#### Assigned task:
All of the listing must be given again exactly, except that the images are dropped.

[[ Dataset section, beginning ]]

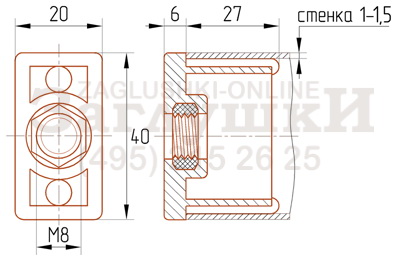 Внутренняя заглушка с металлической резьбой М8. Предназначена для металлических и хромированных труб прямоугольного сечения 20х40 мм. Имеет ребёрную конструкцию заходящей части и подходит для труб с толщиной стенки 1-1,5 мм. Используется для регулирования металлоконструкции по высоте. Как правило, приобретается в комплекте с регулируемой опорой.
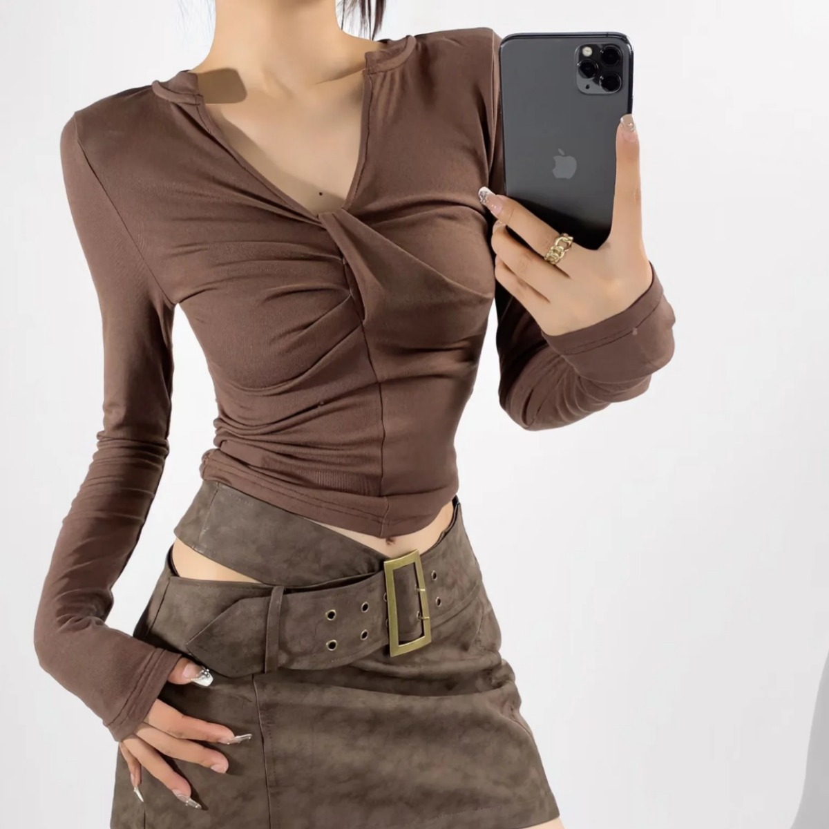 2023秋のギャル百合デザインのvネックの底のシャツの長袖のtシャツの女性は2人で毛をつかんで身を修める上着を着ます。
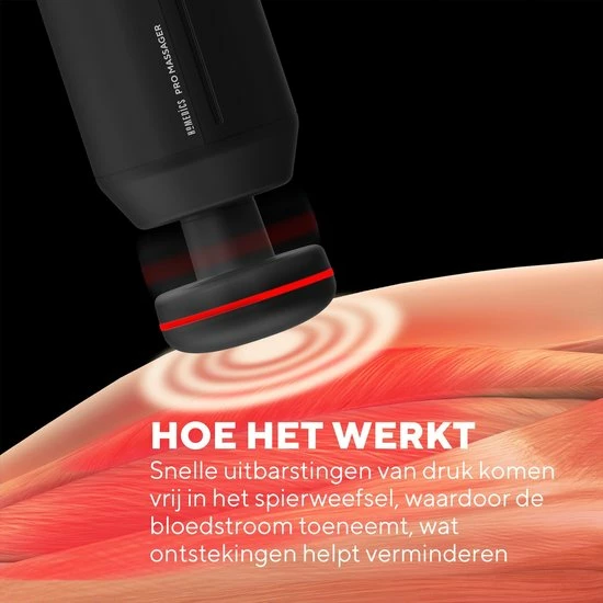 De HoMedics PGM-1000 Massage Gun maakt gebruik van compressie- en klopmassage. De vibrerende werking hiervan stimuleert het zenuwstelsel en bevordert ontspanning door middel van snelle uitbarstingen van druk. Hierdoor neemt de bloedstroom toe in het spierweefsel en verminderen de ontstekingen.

[[ Dataset section, end ]]

#### Reply:
 Внутренняя заглушка с металлической резьбой М8. Предназначена для металлических и хромированных труб прямоугольного сечения 20х40 мм. Имеет ребёрную конструкцию заходящей части и подходит для труб с толщиной стенки 1-1,5 мм. Используется для регулирования металлоконструкции по высоте. Как правило, приобретается в комплекте с регулируемой опорой.
 2023秋のギャル百合デザインのvネックの底のシャツの長袖のtシャツの女性は2人で毛をつかんで身を修める上着を着ます。
 De HoMedics PGM-1000 Massage Gun maakt gebruik van compressie- en klopmassage. De vibrerende werking hiervan stimuleert het zenuwstelsel en bevordert ontspanning door middel van snelle uitbarstingen van druk. Hierdoor neemt de bloedstroom toe in het spierweefsel en verminderen de ontstekingen.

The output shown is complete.